DATA PROVIDED ::
= Beginning of Section =

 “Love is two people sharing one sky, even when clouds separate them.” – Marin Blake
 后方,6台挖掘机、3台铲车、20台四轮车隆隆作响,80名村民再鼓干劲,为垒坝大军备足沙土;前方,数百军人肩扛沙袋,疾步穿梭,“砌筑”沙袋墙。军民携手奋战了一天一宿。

= End of Section =
= Beginning of Section =

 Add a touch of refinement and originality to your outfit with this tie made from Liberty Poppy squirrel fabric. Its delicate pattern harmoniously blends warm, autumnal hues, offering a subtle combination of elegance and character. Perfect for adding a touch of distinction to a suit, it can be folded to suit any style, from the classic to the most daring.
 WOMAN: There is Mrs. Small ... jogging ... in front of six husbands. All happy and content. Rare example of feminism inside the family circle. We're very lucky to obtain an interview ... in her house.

= End of Section =

THE PROBLEM ::
What is needed is a verbatim copy of every line in the records above from the one containing "is two people" down to the one containing "后方,6台挖掘机、3台铲车、", both included, and nothing more.

ANSWER TO THIS EXERCISE ::
 “Love is two people sharing one sky, even when clouds separate them.” – Marin Blake
 后方,6台挖掘机、3台铲车、20台四轮车隆隆作响,80名村民再鼓干劲,为垒坝大军备足沙土;前方,数百军人肩扛沙袋,疾步穿梭,“砌筑”沙袋墙。军民携手奋战了一天一宿。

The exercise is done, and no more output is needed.